Dan di dalam kebisingan peradaban, manusia tidak punya kesempatan untuk hening, untuk berpikir, untuk menemukan kesadaran. Dalam pikiranku, itulah tujuan besar kebisingan yang terus menerus datang dalam keseharian hidup kita. Ia memang sengaja menjauhkan manusia dari kesadaran.
Sejak bangun tidur sampai mau tidur lagi, kebisingan mendikte dan mendoktrin tentang apa yang harus kita percaya dan apa yang harus kita ingkari. Dan dalam rentetan kebisingan tanpa henti semacam itu, manusia tidak punya kesempatan untuk berpikir dan menemukan kesadaran sejati.
Apa yang kita percaya dan kita yakini? Tidak ada!
Yang kita percaya hanyalah hal-hal yang didiktekan oleh kebisingan kepada kita. Yang kita yakini hanyalah hal-hal yang didoktrinkan kebisingan kepada kita.
Kita tidak mempercayai dan meyakini apa pun, selain doktrin yang bising.
Cobalah sesekali sendirian dalam hening, lalu tanya diri sendiri:
"Apakah hal-hal yang kupercaya memang sesuatu yang ingin kupercaya, ataukah karena aku dipaksa untuk mempercayainya?
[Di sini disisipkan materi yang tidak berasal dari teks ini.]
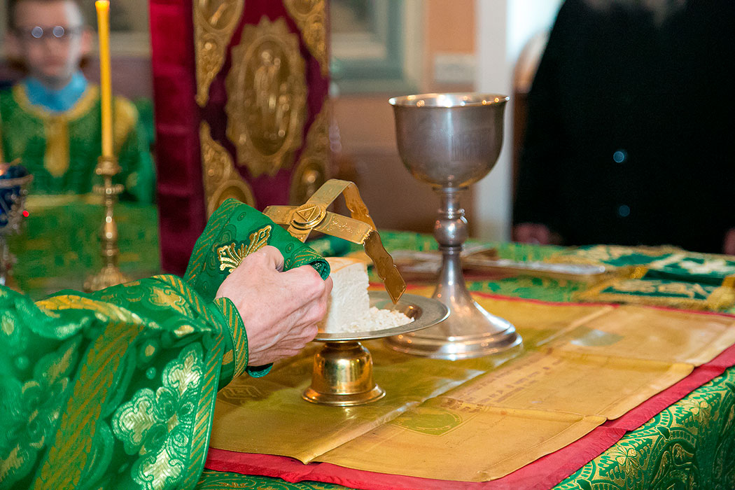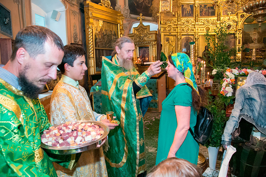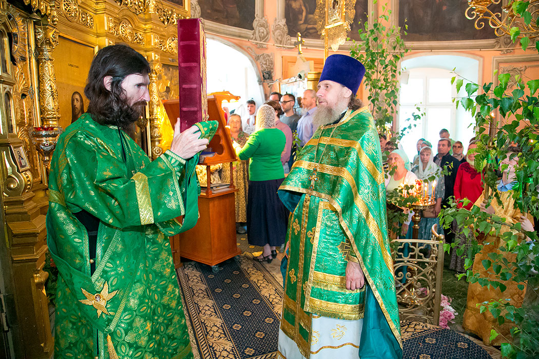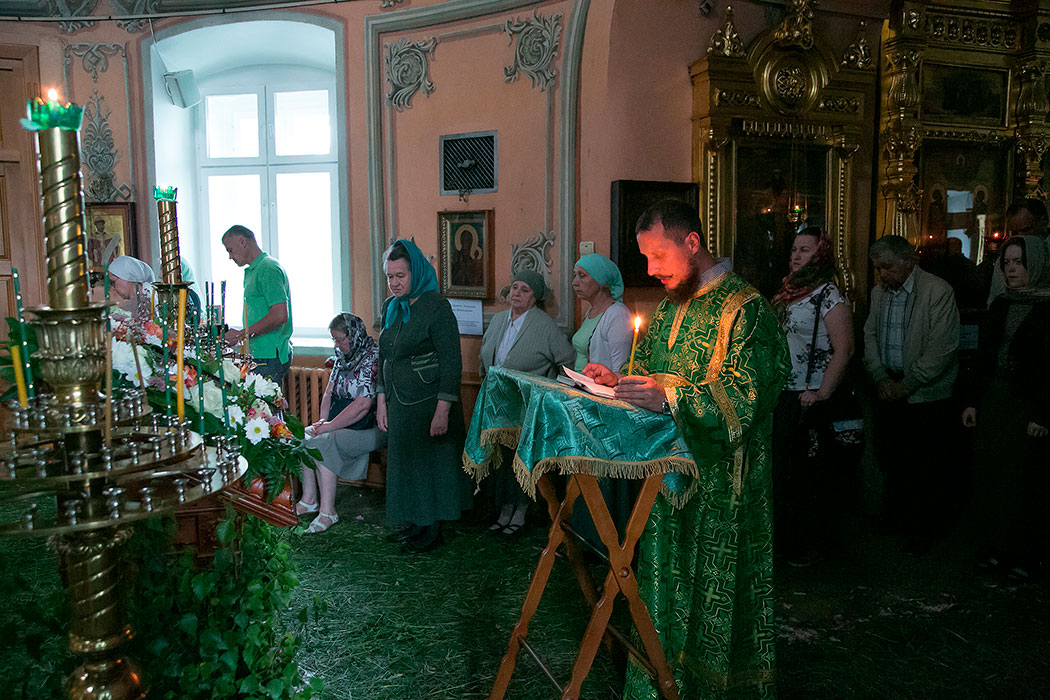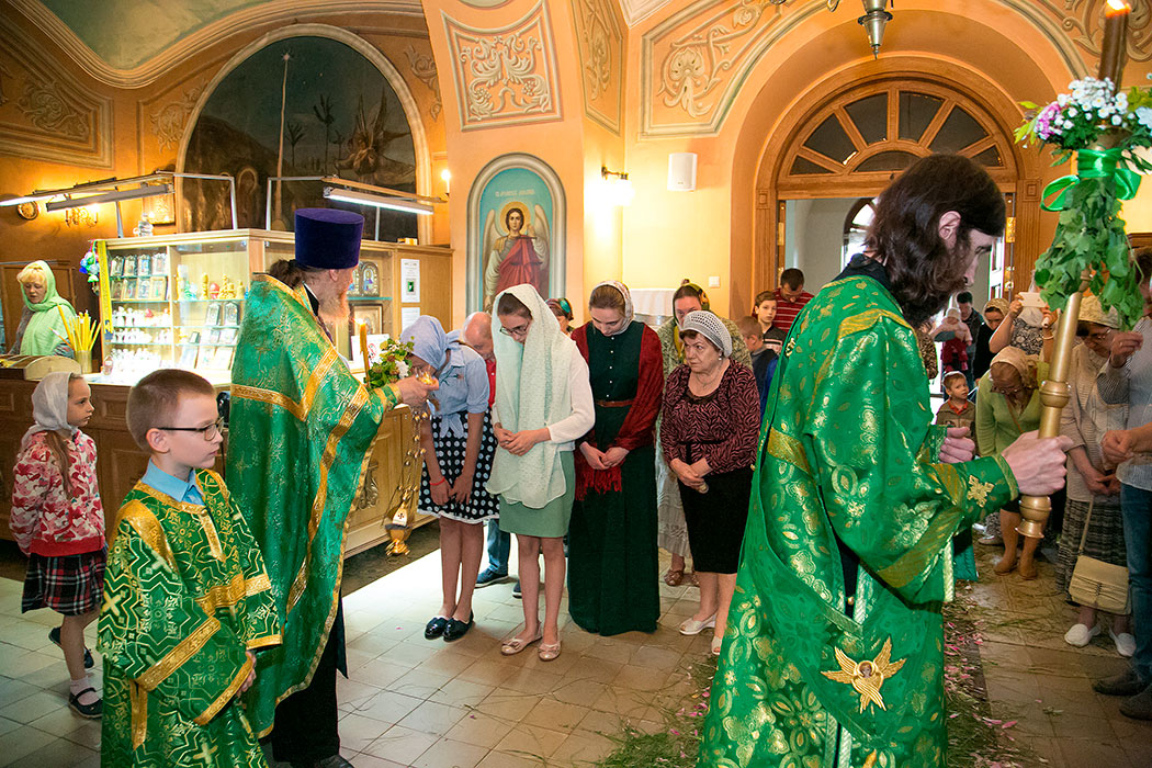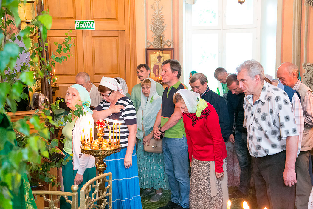 Божественную литургию и великую вечерню с чтением коленопреклонных молитв в этот день совершил настоятель храма протоиерей Алексий Никонов в сослужении клириков храма. А накануне, 15 июня, в храме было совершено Всенощное бдение.
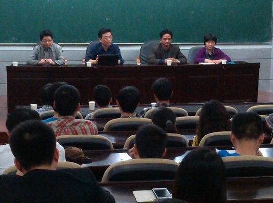 杨院长向各位同学介绍了学校和学院制定的毕业论文要求和奖学金评定标准,并介绍了学院加强考风、学风、新禧机房学习环境的措施。四位老师认真听取了同学们对这些问题的疑问和困惑,随后进行了细致解答,并希望同学们能向高水平学校的学生看齐,勇攀高峰。
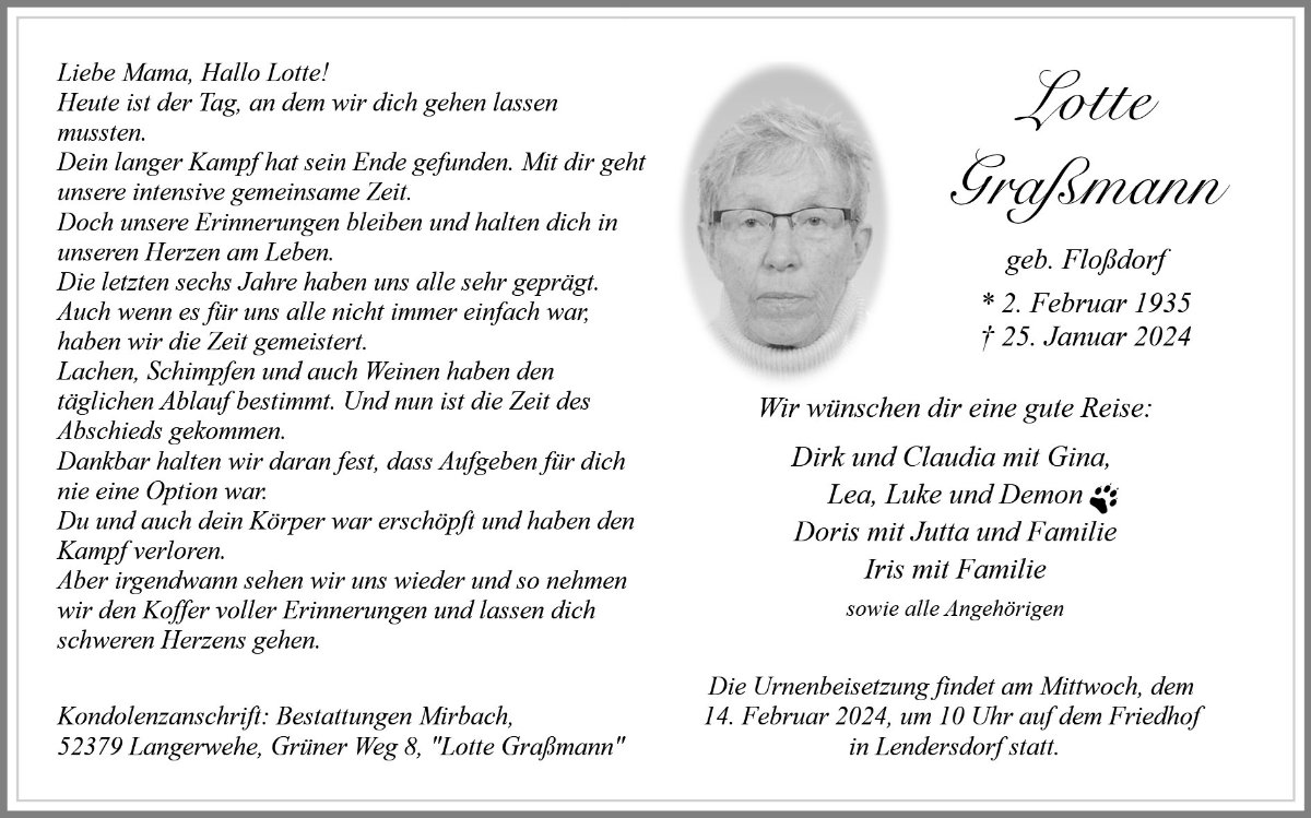 Lesen Sie hier die Anzeigen und Trauerpost!
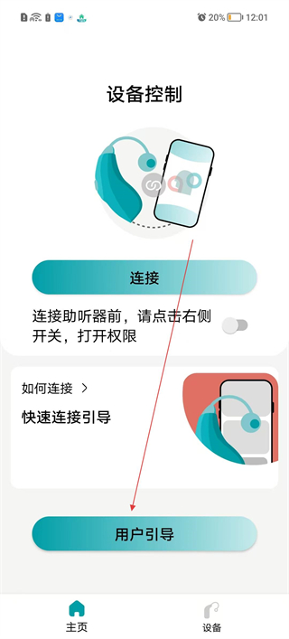 2、登錄后進入設備頁面,查看設備控制相關內容,點擊用戶引導按鈕,進入連接引導界面,準備選擇對應的助聽器類型。
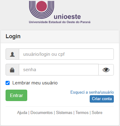 - Ter uma Conta/Login da Unioeste. Pessoas vinculadas à Unioeste tem seu usuário/conta/login criado automaticamente; Outros usuários podem criar uma conta (veja acima)
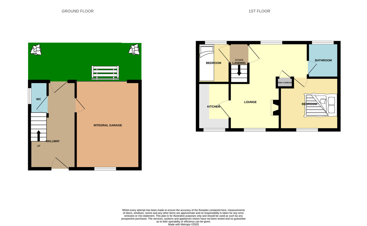 GARAGE 19' 5" x 8' 5" (5.92m x 2.57m) An integral garage with up and over door, power and light.
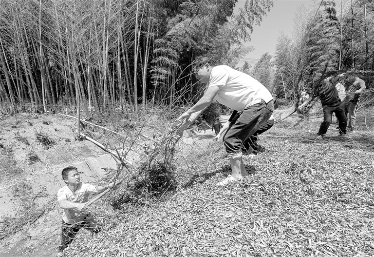 5月14日,在金溪县琉璃乡澳塘村,当地党员志愿者走进田间地头,对该村淤堵不通、水流不畅的灌渠实施清淤作业。
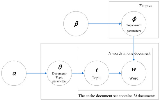 The latent polynomial variables in the LDA model are called topics [61,62]. The basic idea is to treat the document as a random mixture of latent topics, and the word distribution determines the characteristics of each topic [63,64]. The LDA model contains a three-level Bayesian structure that includes documents, topics, and words [65]. This structure describes the topic probability distributions of documents and then considers the topic probability distributions of words to perform topic clustering or text classification based on the topic distribution [64]. The LDA model believes that a mixture distribution of topics generates each document. Every word in each document belongs to a topic with a certain probability. The LDA model allows the generated document to contain multiple topics, and each word in the document is generated by one of the topics [46,64]. The probability model is shown in Figure 2. LDA assumes that the prior distribution of the document topic is the Dirichlet distribution. The Gibbs sampling algorithm is used to iterate M times to calculate the topic distribution of each document and the distribution of words in each topic.
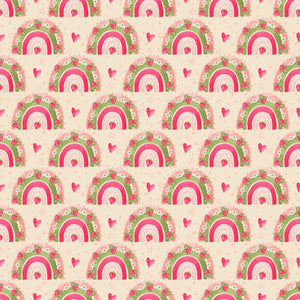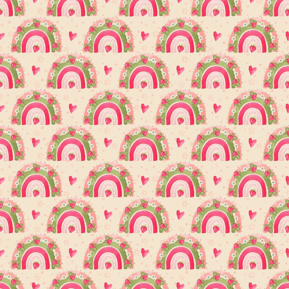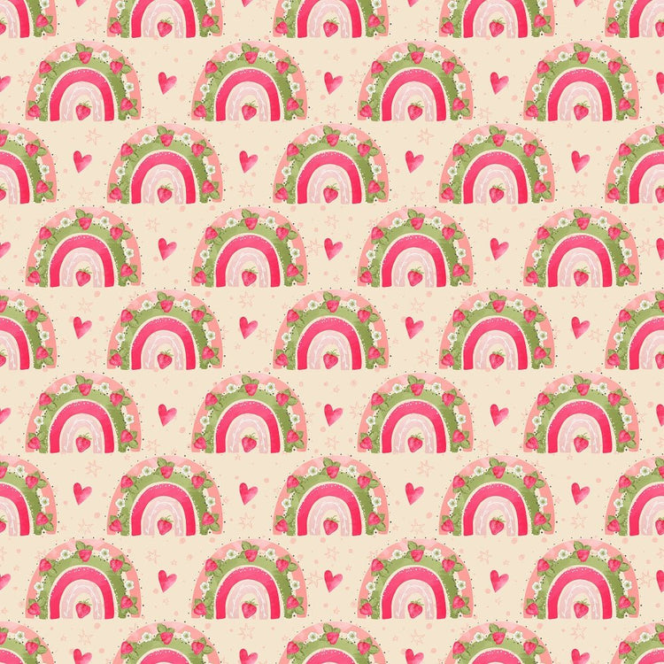 The Tan Strawberry Rainbows & Hearts Fabric is part of the Strawberry Rainbows Fabric Collection printed by Sew Creative Fabrics. Digitally Printed on 100% cotton.
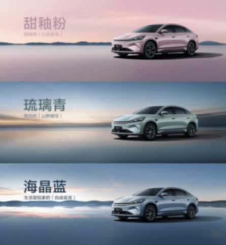 值得一提的是,此次秦L EV全系新增了三款配色,包括甜釉粉、琉璃青、海晶蓝等等,配色十分鲜艳,年轻人应该会喜欢。
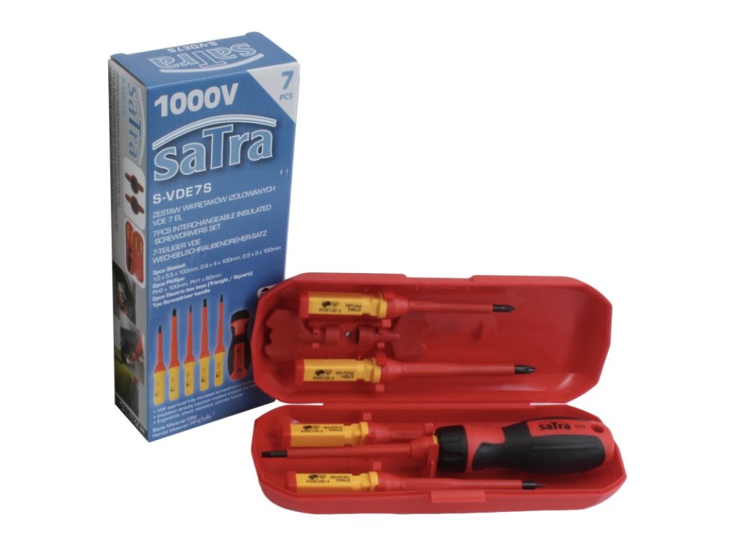 Set SATRA S-VDE7S nabízí vysokou bezpečnost díky izolaci s VDE certifikací, ergonomické provedení pro komfortní práci, odolnost a dlouhou životnost díky kalené oceli a snadnou univerzální výměnu hrotů pro různé typy práce. Ideální volba pro profesionály i kutily.
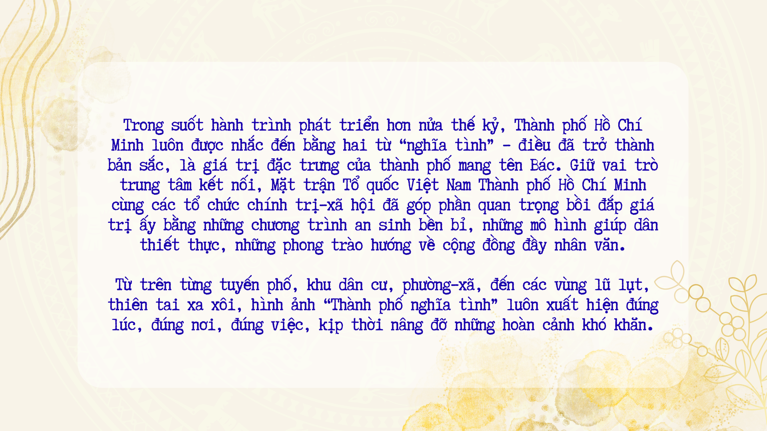 Đó cũng chính là sức mạnh tinh thần giúp Thành phố luôn vững vàng trước mọi biến động, từ thiên tai, dịch bệnh đến thách thức xã hội. Truyền thống ấy sẽ tiếp tục được gìn giữ, lan tỏa mạnh mẽ hơn trong nhiệm kỳ mới, để Thành phố Hồ Chí Minh xứng đáng là trung tâm nghĩa tình của cả nước, là điểm tựa của những hoàn cảnh khó khăn, và là nơi kết nối sức mạnh đại đoàn kết toàn dân tộc.
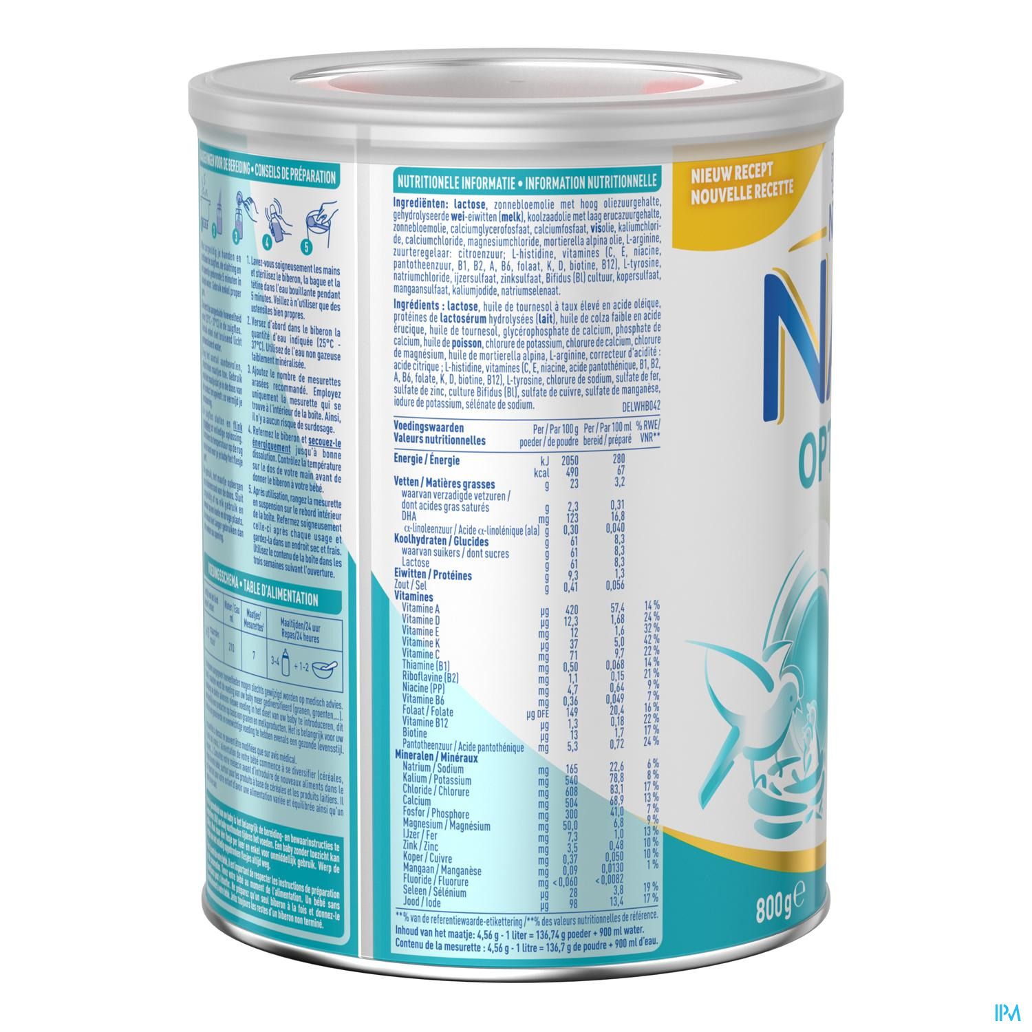 Lactose, zonnebloemeolie met hoog oliezuurgehalte, gehydrolyseerde wei-eiwitten (melk), koolzaadolie met laag erucazuurgehalte, zonnebloemolie, visolie, kaliumchloride, calciumglycerofosfaat, cholinebitartraat, calciumfosfaat, magnesiumchlo- ride, mortierella alpina olie, calciumchloride, L-arginine, zuurteregelaar: citroenzuur; L-histidine, natriumchloride, vitamines (C, E, niacine, pantotheenzuur, B1, B2, A, B6, foliumzuur, K, D, biotine, B12), L-tyrosine, taurine, inositol, L-carnitine, ijzersulfaat, zinksulfaat, nucleotiden, Bifidus (Bl) cultuur, kopersulfaat, kaliumjodide, natriumselenaat
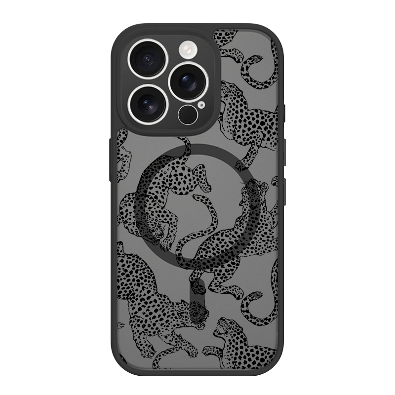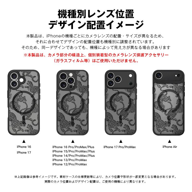iPhone 17 Air 16 15 Plus 14 13 12 Pro Max スマホケース アート感のある豹シルエット総柄 プリントデザイン半透明ブラックマット仕上げMagSafe対応スマホケース
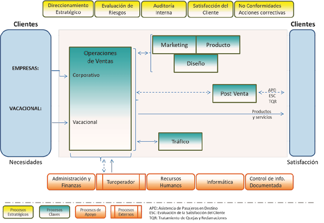 En el modelo de negocio de las agencias de viajes objeto del estudio, fundamentalmente existen dos tipologías de clientes: el cliente vacacional o todo aquel que solicite servicios vacacionales, es decir, aquel consumidor de productos turísticos que solicita servicios para disfrute propio o de un tercero en el ámbito personal, y, por otra parte, está el cliente del tipo corporativo, el que solicita servicios para llevar a cabo una labor profesional en representación y con autorización de su empleador. Operacionalmente como los procesos que tienen contacto directo con las necesidades de los clientes o usuarios finales, traducidas en requisitos de los servicios solicitados y guardan relación directa con la percepción de la satisfacción de dichos requisitos.

Apakah hal-hal yang kuyakini memang ingin kuyakini, ataukah karena aku dipaksa meyakininya?"
Jika pertanyaan itu terlalu filosofis, mari gunakan contoh nyata yang mudah dibuktikan. Doktin pernikahan, misalnya.
Kita dipaksa percaya bahwa orang menikah akan bahagia dan lancar rezeki. Sekarang, mari pertanyakan: Apakah itu memang kenyataan... ataukah cuma doktrin dusta?
Itu contoh mudah yang bisa dibuktikan siapa pun, kapan pun, di mana pun. Kalau memang pernikahan menjamin bahagia, kenapa banyak pasangan bercerai? Kalau memang menikah menjamin rezeki lancar, kenapa banyak keluarga yang terjerat utang, dan anak-anak telantar? Tanya dan pikirkan!
Hidup ini begitu singkat. Dan dalam singkatnya hidup, kita dijejali kebisingan demi kebisingan hingga tak punya kesempatan untuk berpikir dan menemukan kesadaran, selain menerima mentah-mentah apa saja yang dicekokkan kepada kita.
Hidup cuma sekali, dusta berteriak berkali-kali.
*) Ditranskrip dari timeline @noffret, 20 Maret 2019.